▶ _About this task_: Using the entries below, copy exactly each line from the line with "A romantic tiered" up to and including the line with "10' Gold and", with every picture left out.

[Records drawn from a dataset]
[Start of section]

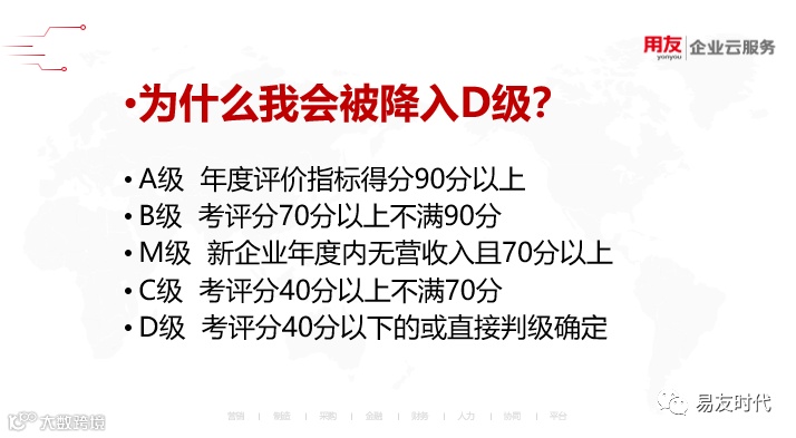 D类判级决定条件,第二点偷税金额10万且占应纳税额10%以上,10万的认定是税务局进行认定,不管你是主观还是非主观。第六点第七点可以关联起来理解,我们在做的集团性公司或者有分支机构,控股单位的一定要注意,尤其是下属公司在外地的那种情况,因为你不能有效的把控他的风险,一旦他降级了,你集团总部就会受到影响。(而且还会连累我们的领导)未来趋势A类企业和D类企业会越来越多。
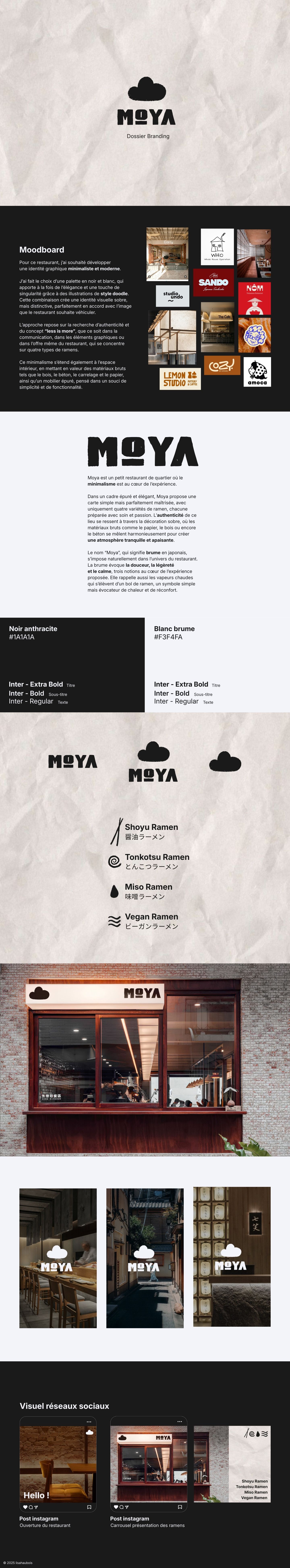 Dans un cadre épuré et élégant, Moya propose une carte simple mais parfaitement maîtrisée, avec uniquement quatre variétés de ramen, chacune préparée avec soin et passion. L’authenticité de ce lieu se ressent à travers la décoration sobre, où les matériaux bruts comme le papier, le bois ou encore le béton se mêlent harmonieusement pour créer une atmosphère tranquille et apaisante.
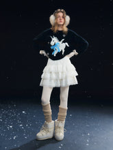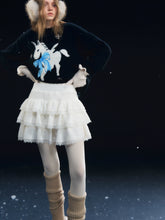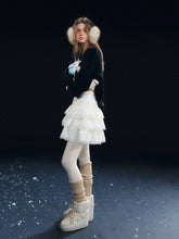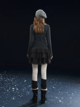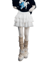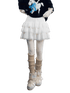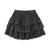 A romantic tiered cake skirt featuring velvety softness contrasted with delicate lace paneling. The voluminous layered silhouette creates a light, airy bounce with each step, offering a feminine and sculptural look. Designed to sit comfortably at the waist, this skirt blends texture and elegance, making it suitable for both daily styling and dressed-up occasions.
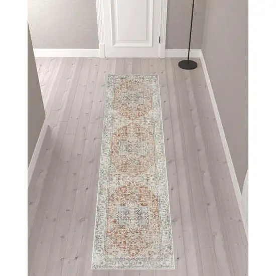 10' Gold and Ivory Oriental Power Loom Washable Runner Rug
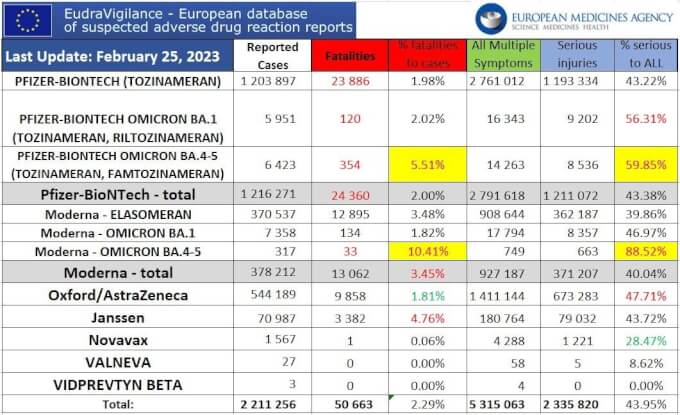 The European (EEA and non-EEA countries) database of suspected drug reaction reports is EudraVigilance, verified by the European Medicines Agency (EMA), and they are now reporting 50,663 fatalities, and 5,315,063 injuries following injections of EMA-authorized experimental COVID-19 shots as of February 25, 2023.
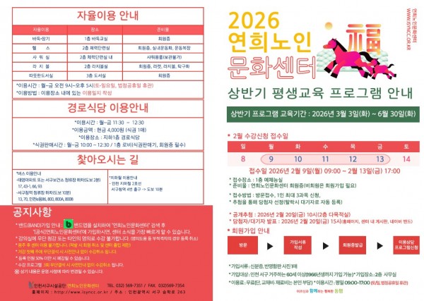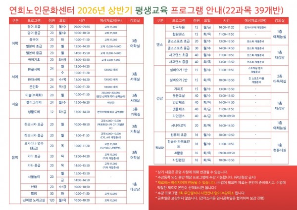 2026년 상반기 평생교육 프로그램 시간표 페이지 정보 작성자 관리자 댓글 0건 조회 378회 작성일 26-02-06 13:16 본문 목록 이전글2026년 전문상담 운영 안내 다음글2025년 노인건강체조교실 9988 모집 댓글목록 댓글목록 등록된 댓글이 없습니다.

[End of section]

▶ _Output of the task_:
 A romantic tiered cake skirt featuring velvety softness contrasted with delicate lace paneling. The voluminous layered silhouette creates a light, airy bounce with each step, offering a feminine and sculptural look. Designed to sit comfortably at the waist, this skirt blends texture and elegance, making it suitable for both daily styling and dressed-up occasions.
 10' Gold and Ivory Oriental Power Loom Washable Runner Rug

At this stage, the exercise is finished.